■ **What is required**: The answer must consist of every line from the entries that holds the word "with".

■ **Extracted material**:

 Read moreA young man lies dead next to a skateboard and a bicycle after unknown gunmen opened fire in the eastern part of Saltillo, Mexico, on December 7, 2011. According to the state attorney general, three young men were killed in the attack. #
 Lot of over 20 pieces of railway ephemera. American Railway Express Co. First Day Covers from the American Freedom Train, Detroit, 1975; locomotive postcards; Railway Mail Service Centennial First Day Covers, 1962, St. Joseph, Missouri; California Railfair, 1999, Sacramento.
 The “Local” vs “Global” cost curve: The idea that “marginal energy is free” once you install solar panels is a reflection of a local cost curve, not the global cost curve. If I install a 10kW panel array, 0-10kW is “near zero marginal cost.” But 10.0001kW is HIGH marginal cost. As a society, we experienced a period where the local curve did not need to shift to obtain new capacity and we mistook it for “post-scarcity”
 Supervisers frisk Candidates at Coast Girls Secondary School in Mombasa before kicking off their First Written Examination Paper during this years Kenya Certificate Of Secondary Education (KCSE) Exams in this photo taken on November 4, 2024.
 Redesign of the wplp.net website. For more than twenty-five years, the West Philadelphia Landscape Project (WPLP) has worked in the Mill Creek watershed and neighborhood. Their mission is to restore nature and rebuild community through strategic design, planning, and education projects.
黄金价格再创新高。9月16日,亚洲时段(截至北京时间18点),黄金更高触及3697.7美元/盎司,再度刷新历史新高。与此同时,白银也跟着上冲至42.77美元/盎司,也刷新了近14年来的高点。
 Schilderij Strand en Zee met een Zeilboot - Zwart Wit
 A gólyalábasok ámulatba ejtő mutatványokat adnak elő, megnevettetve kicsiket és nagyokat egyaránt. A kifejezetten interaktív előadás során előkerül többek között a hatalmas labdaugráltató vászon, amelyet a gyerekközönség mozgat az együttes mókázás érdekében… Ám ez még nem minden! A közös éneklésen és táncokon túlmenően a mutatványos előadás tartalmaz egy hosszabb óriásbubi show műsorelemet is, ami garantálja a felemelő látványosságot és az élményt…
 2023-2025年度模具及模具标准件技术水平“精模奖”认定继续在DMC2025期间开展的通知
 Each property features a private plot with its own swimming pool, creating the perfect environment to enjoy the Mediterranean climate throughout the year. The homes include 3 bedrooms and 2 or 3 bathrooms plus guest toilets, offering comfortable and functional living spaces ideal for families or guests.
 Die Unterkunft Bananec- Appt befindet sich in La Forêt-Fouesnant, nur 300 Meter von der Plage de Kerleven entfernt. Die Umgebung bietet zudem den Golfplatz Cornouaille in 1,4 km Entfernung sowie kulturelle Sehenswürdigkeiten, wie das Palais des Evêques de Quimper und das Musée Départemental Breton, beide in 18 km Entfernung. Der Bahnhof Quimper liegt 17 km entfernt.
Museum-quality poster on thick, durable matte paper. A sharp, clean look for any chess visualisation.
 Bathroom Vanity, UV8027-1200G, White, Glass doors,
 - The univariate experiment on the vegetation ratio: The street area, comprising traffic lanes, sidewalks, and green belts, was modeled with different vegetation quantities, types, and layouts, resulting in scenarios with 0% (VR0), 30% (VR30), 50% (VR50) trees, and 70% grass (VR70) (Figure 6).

■ **Answer to this problem**:
 Each property features a private plot with its own swimming pool, creating the perfect environment to enjoy the Mediterranean climate throughout the year. The homes include 3 bedrooms and 2 or 3 bathrooms plus guest toilets, offering comfortable and functional living spaces ideal for families or guests.
 - The univariate experiment on the vegetation ratio: The street area, comprising traffic lanes, sidewalks, and green belts, was modeled with different vegetation quantities, types, and layouts, resulting in scenarios with 0% (VR0), 30% (VR30), 50% (VR50) trees, and 70% grass (VR70) (Figure 6).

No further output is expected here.